Demographer Hervé Le Bras warns: “Does addressing the fears of the French calm them down? I think that, on the contrary, it gives them even more reasons to be afraid.” Le Bras observes that, in countries such as France, Germany, or the United States, the vote for the populist right is usually higher in areas where there are fewer immigrants. “Immigration,” he explains, “is a word that carries a lot of baggage. When talking about immigration, we often don’t talk about lived experiences, but about other things, such as identity, insecurity, or feelings about lack of protection and loss of control.”

“This concern is cultivated and standardized, because, when talking about immigration, the discourse goes in a single direction,” says Professor Héran. On a screen, he shows a bunch of data to deny the allegation of a “migratory wave” flooding France. “When we talk about immigration,” he laments, “it’s always to say that we must protect ourselves from it. It’s always perceived as a threat that we must put up a shield against, according to President Macron’s expression. The successes of integration and [harmonious relations] between populations — which are realities — aren’t valued.”

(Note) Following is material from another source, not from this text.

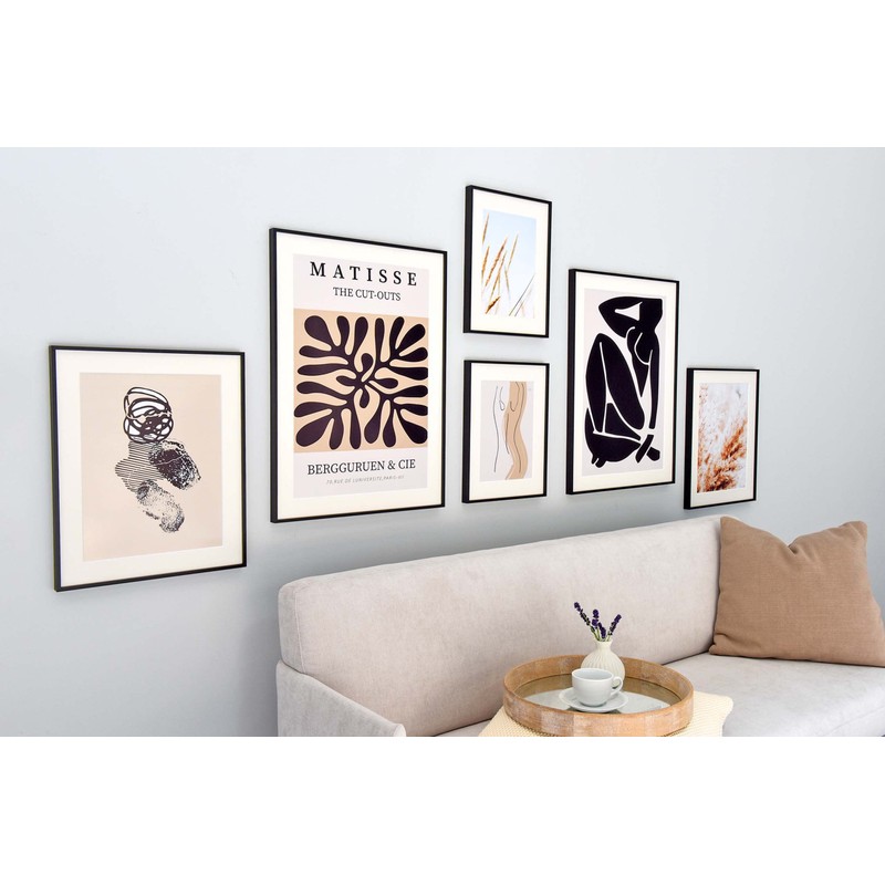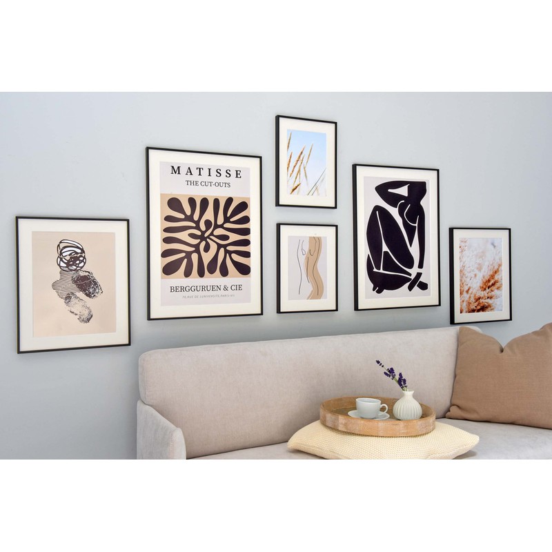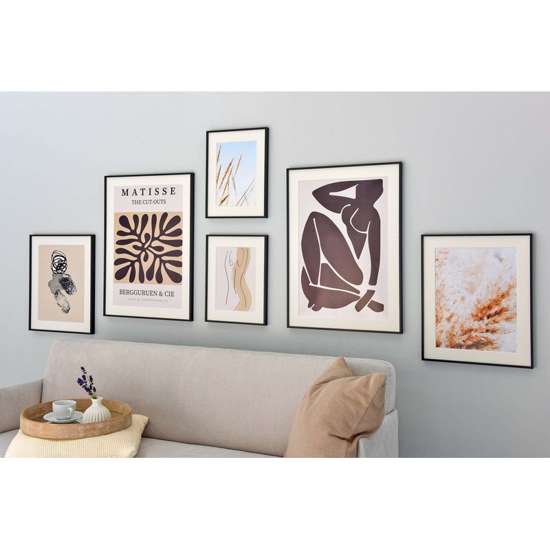 The 45° bevel cut in the permanently white or black cutting edge achieves an optical depth effect that clearly highlights the motif and gives a spatial character. The formats and image sections are matched to the most common standard dimensions of picture frames. Please note that the inner cut-out is approx. 1 cm smaller than stated, so you can place the picture on each side on the mount and attach it with the included adhesive strips. So it does not slip forward.

“You always have to listen, but listening doesn’t mean joining in,” François Ruffin pointed out, in a past interview with EL PAÍS. He’s a member of the French radical left and a deputy for La France Insoumise (France Unbowed), the far-left party led by Jean-Luc Mélenchon. “I will never cover my ears. The question is, rather, politically, what do we do?” Ruffin — who represents a blue-collar district in northern France, similar to Fetterman’s stronghold in Pennsylvania — opposes Macron’s immigration bill.

There’s a difference between listening to the demands of the far-right voter and implementing them. One can empathize and respond to real fears without falling into simplistic answers. Ruffin knows it. So does Macron, who — for the first time since coming to power in 2017 — has faced a rebellion from within his own party. A quarter of his legislators abstained or voted against the law, while the minister of health resigned as a result of its passage.

In addition to enacting new restrictions, the EU Pact on Migration and Asylum contains measures that respond, in part, to demographic decline and the economic need for foreign labor and taxpayers. Giorgia Meloni’s far-right administration in Italy (her party, the Brothers of Italy, is the heir to neo-fascism) has opened the door to 452,000 workers until 2025, for sectors facing labor shortages. Macron similarly says that his agreement will facilitate the regularization of undocumented workers in sectors where there’s a lack of labor. In any case, he has asked the Constitutional Council to verify if there are articles that “violate the fundamental law.”

“It’s false that Europe is being flooded, this is false,” emphasizes Vignal, the deputy from Macron’s party. “But there’s [a part of] Europe that refuses to open its borders to other people.” An ex-socialist who tries to wrangle Le Pen voters in his district, he doesn’t think the issue can be ignored. “The French expect firmness. At the same time, we’re a humanistic people. Firmness isn’t enough,” he adds.

“We need workers. But I want them to respect the Republic and the laws. If they don’t respect them, there are no gifts. Let them go home.”